Haggai Landa: "Stabilizer dynamics with IBM Quantum devices and implications to error-correction decoding"

07 May 2024
Weekly seminar
Solid State Auditorium

IBM Quantum devices are accessible via the cloud and allow users free access for running quantum computation and quantum dynamics experiments. I will present a detailed experimental characterization of the noise model of idle qubits on the 127-qubit devices, accounting for qubit spontaneous emission, finite temperature, dephasing, frequency drifts, charge-parity (quasiparticle) oscillations, crosstalk (“ZZ” coupling) and initialization and readout errors. Using this model, we study the decay dynamics of stabilizers characterizing graph states, and their protection using tailored dynamical-decoupling sequences suppressing both single-qubit and interaction terms [1]. We then employ this noise model to analyze how different approximations of the noise capture the performance of the five-qubit error correction code in recovering a decaying quantum memory logical qubit. We find that the commonly used single-qubit Pauli channel completely fails, and a two-qubit Pauli approximation is sensitive to the details of the noise, state, and decoder, accurate in many cases only at short timescales.

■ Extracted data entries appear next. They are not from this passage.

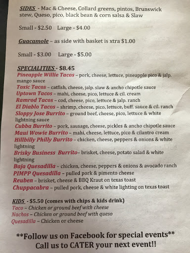 Great food! Have not had anything there that I didnt like. Mexican food with a funky Southern kick, but nothing weird. Love the Chupacabra sandwich (pulled pork and smoked gouda on Texas Toast) and The Pimp quesadilla (pulled pork, pimento cheese with smoked gouda). Add the homemade guacamole, and yum! Well worth the stop.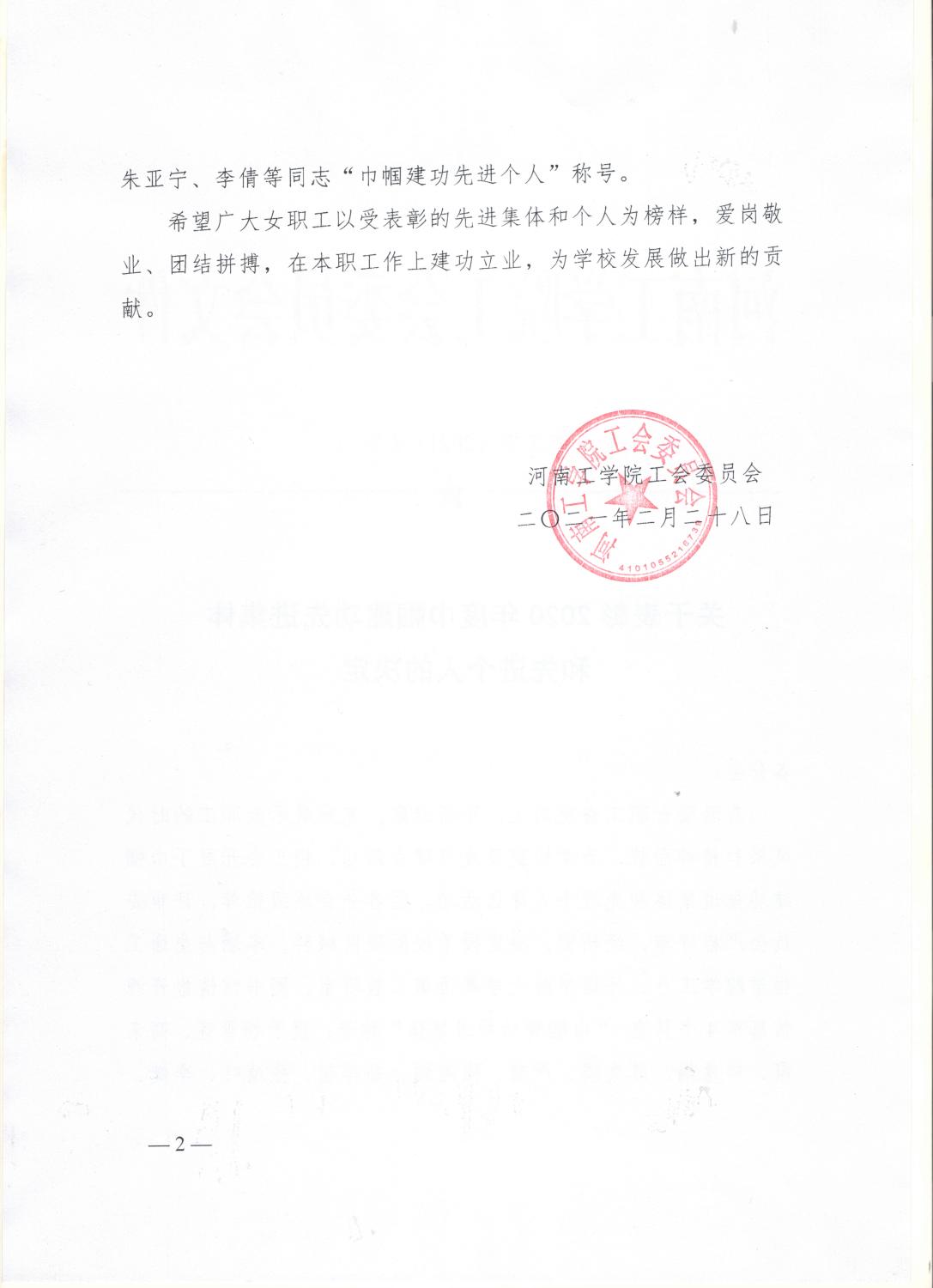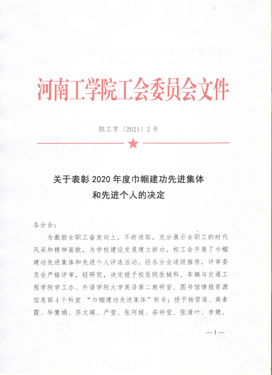 院工字〔2021〕2号 关于表彰2020年度巾帼建功先进集体 和先进个人的决定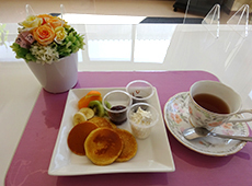 皆様のお体の状況に合わせて食事介助も行っております。病院の管理栄養士が栄養のバランスに配慮しながら、普通食、刻み食、 ペースト食に加え、糖尿食や腎臓食などの治療食も提供させていただいております。一日3食のお食事以外におやつ、お茶・珈琲・紅茶などの軽喫茶も楽しんでいただけます。(すべて追加費用はありません)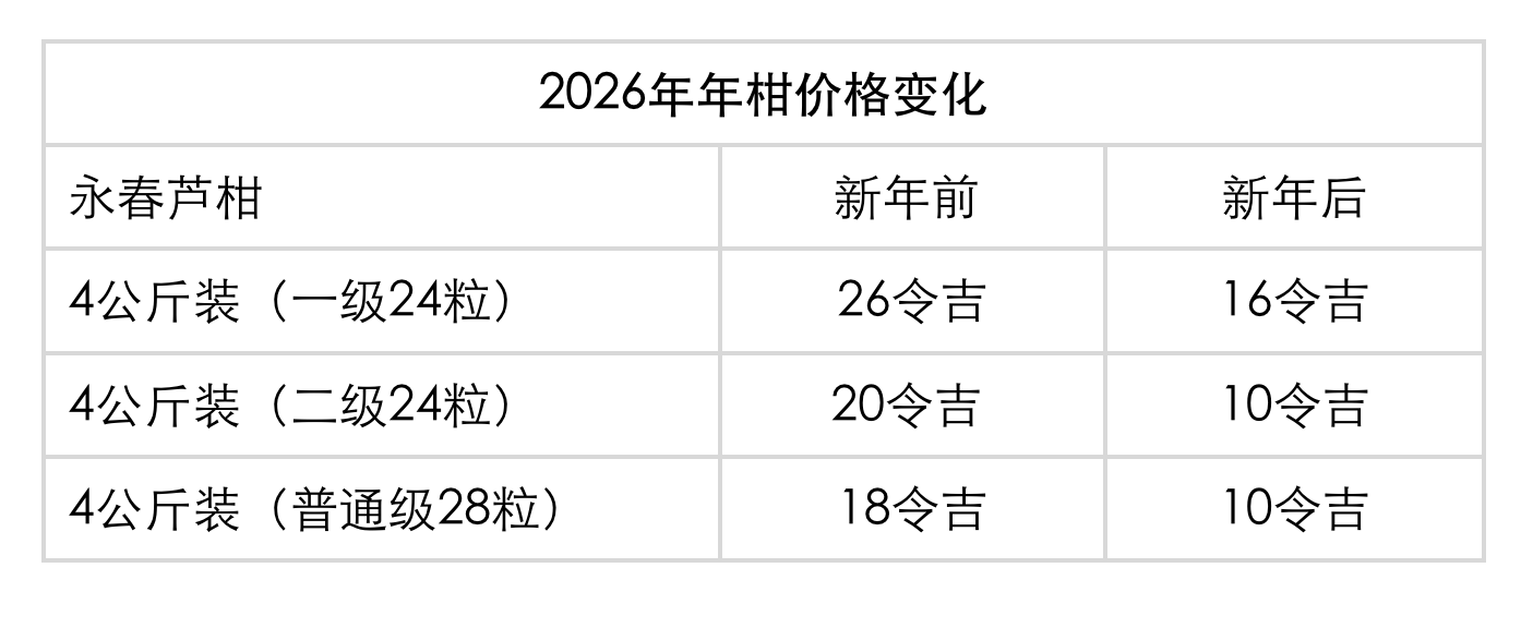 综合报道,目前除“春见”耙耙柑及“红美人”外,多数年柑价格跌幅超过一半。以永春芦柑为例,新年前4公斤装(一级24粒)售价26令吉,现跌至16令吉;二级与普通级分别从20令吉和18令吉降至10令吉。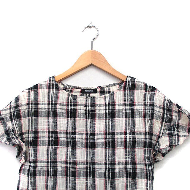 マウスバレー MOUTH VALLEY カットソー Tシャツ 半袖 コットン チェック ブラック 黒 /KT2 レディース

We calculate the code pseudo-threshold emerging within this model and demonstrate how knowledge of the qubit parameters and connectivity can be used to design better decoders [2].


[1] L. Shirizly, G. Misguich, H. Landa, Dissipative Dynamics of Graph-State Stabilizers with Superconducting Qubits, Phys. Rev. Lett. 132, 010601 (2024).


[2] Z. Schwartzman-Nowik, L. Shirizly, H. Landa, Modeling error correction with Lindblad dynamics and approximate channels, arXiv:2402.16727.